Nelson has studied it from a lot of angles and believes Morris really didn’t know. Among other things, the Klan in those days tended to send “wrecking crews” from outside an area, making them less likely to be caught meting out the ugliest kind of retribution. “Frank was the kind of man, I think, he would have wanted something to happen to the people who did this to him,” the newsman said.
The big break in the case came late last spring. After about 20 interviews with former law enforcement figures, Nelson called on a former deputy, Bill Frasier. He asked Frasier if he had ever heard anything about the Frank Morris case. Frasier responded: “I had somebody tell me he did it.” Nelson told him: “You got my attention now.”
Frasier related how, decades before, he had been on a pipeline crew with his brother-in-law, a man named Leonard Spencer, who acknowledged attending Klan meetings in the 1960s. The former deputy asked the alleged former Klansman if he had ever killed anyone. Spencer allegedly replied: “We did accidentally one time.”
Spencer’s ex-wife and his son soon chimed in with similar information — tying not only Spencer but a ne’er-do-well Klansman and now deceased meth-head, O.C. “Coonie” Poissot, to the arson that night, according to the Sentinel article. The thugs allegedly planned to torch the store, learning only in the midst of the crime that Morris was inside.
Those revelations led the newspaperman, last summer, to Spencer’s front door. Spencer, still red-faced and burly at 71, agreed to answer questions. A video shows him swaying gently on a porch swing as Nelson politely asks about the most hideous things — wrecking crews, late-night “projects” of long ago and the 46-year-old killing.
Spencer admitted only some knowledge about the Klan. He said he had never heard of Frank Morris and certainly had nothing to do with his killing. First the FBI and then the Justice Department asked the Sentinel to hold off on the story, lest it complicate their investigation.
The feds would not give details, nor would the local officials, who would put any suspect on trial. When the story finally was published in January on the Sentinel’s front page, it carried a bold red headline: “A Suspect Revealed.”
“I told Stanley the other day he is the hub in this and everybody else is just a spoke,” said David Opperman, the assistant district attorney who is one of the prosecutors tending to the continuing grand jury proceedings. “He did the work that needed to be done.”

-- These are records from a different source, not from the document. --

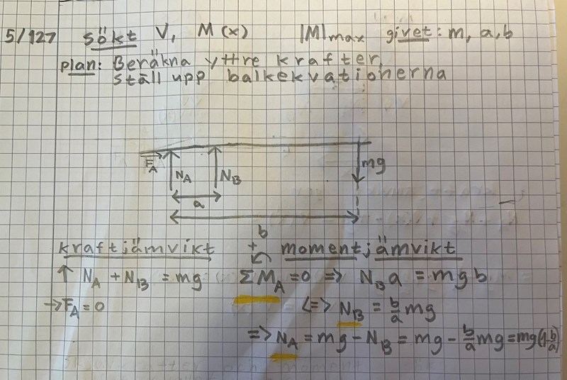Nästa steg är att sätta upp kraft- och momentjämviktsekvationer. Kraft har du redan löst och kommit fram till att V(x)=mg för x>a och x<b och att den är uppåtriktad. När det gäller momentet så är det lämpligt att beräkna moment kring snittet vid x. Vilken hävarm får då mg?
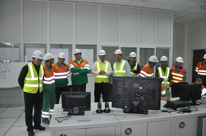 参会领导视查余热发电中控室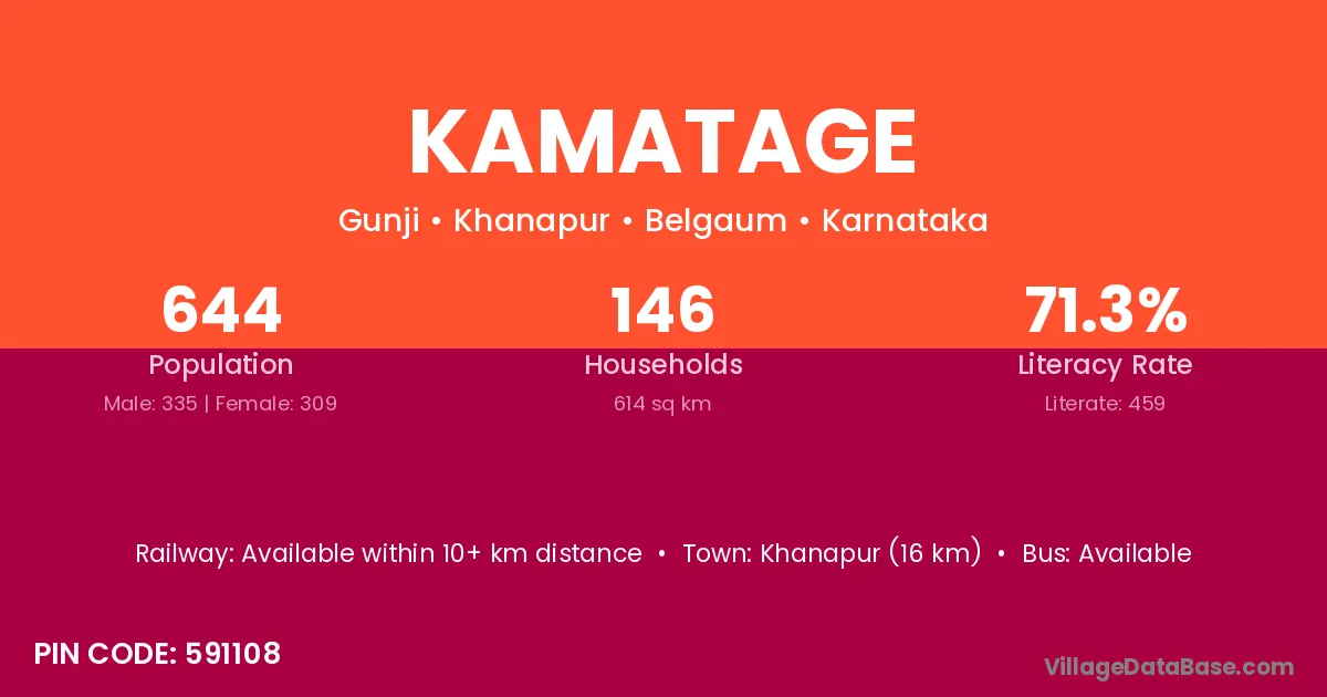 Khanapur (16 km) is the nearest town to Kamatage village for major economic activities and is located approximately 16 km away.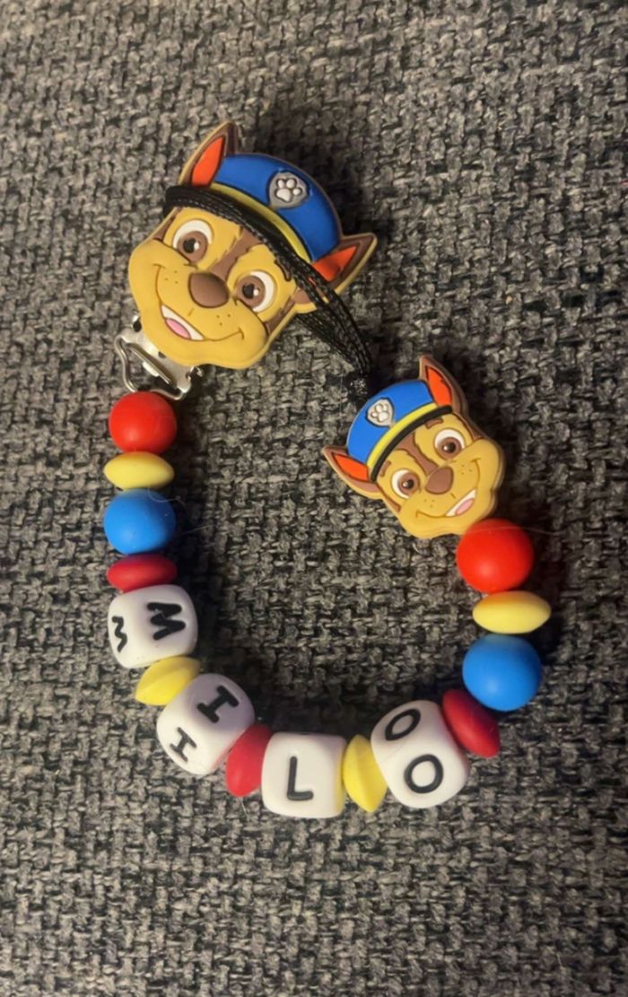 Attache tétine personnalisé en silicone ou en bois au souhait de l’acheteur . Personnalisable au choix de l’acheteur que ce soit la couleur comme le prénom ou le thème . Le fil est doublé pour plus de sécurité tout le long de l’attache tétine. N’hésitez pas à me demander et regarder mon dressing. Une photo vous sera envoyée avant l’expédition pour vous ayez un aperçu du rendu. Tous les produits sont réalisés avec du materiel spécial conçu aux bébés , enfants.

Now Stanley Nelson wins awards. The son of the South for the first time has traveled to Washington, New York and beyond. When he speaks at conferences, he spins out bigger ideas about justice and reconciliation. But mostly he talks about putting one foot in front of another, like any man might.
“Once you saw who Frank Morris was and what this story was,” he said, “it would have been almost immoral to walk away.”